> **Exercise brief**
The response should consist of the data below, copied exactly, with no pictures in it.

Start of Data provided

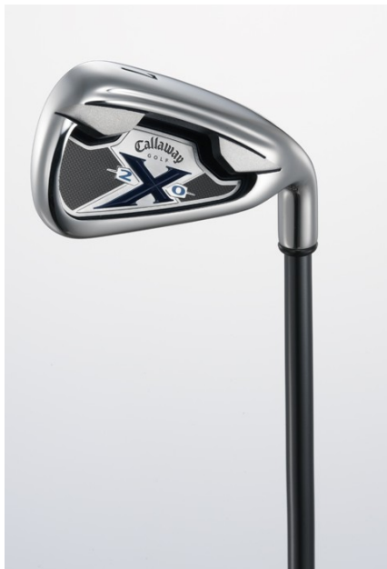
Men's Model Design
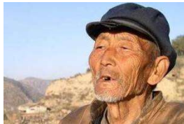
老人拿一把菜刀鉴宝, 遭受观众嘲笑, 专家激动问道: 祖...
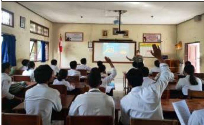
Siswa mulai aktif dalam kegiatan penayangan video saat pembelajaran berlangsung berkaitan dengan menangani reservasi individu

End of Data provided

> **Written solution**
Men's Model Design
老人拿一把菜刀鉴宝, 遭受观众嘲笑, 专家激动问道: 祖...
Siswa mulai aktif dalam kegiatan penayangan video saat pembelajaran berlangsung berkaitan dengan menangani reservasi individu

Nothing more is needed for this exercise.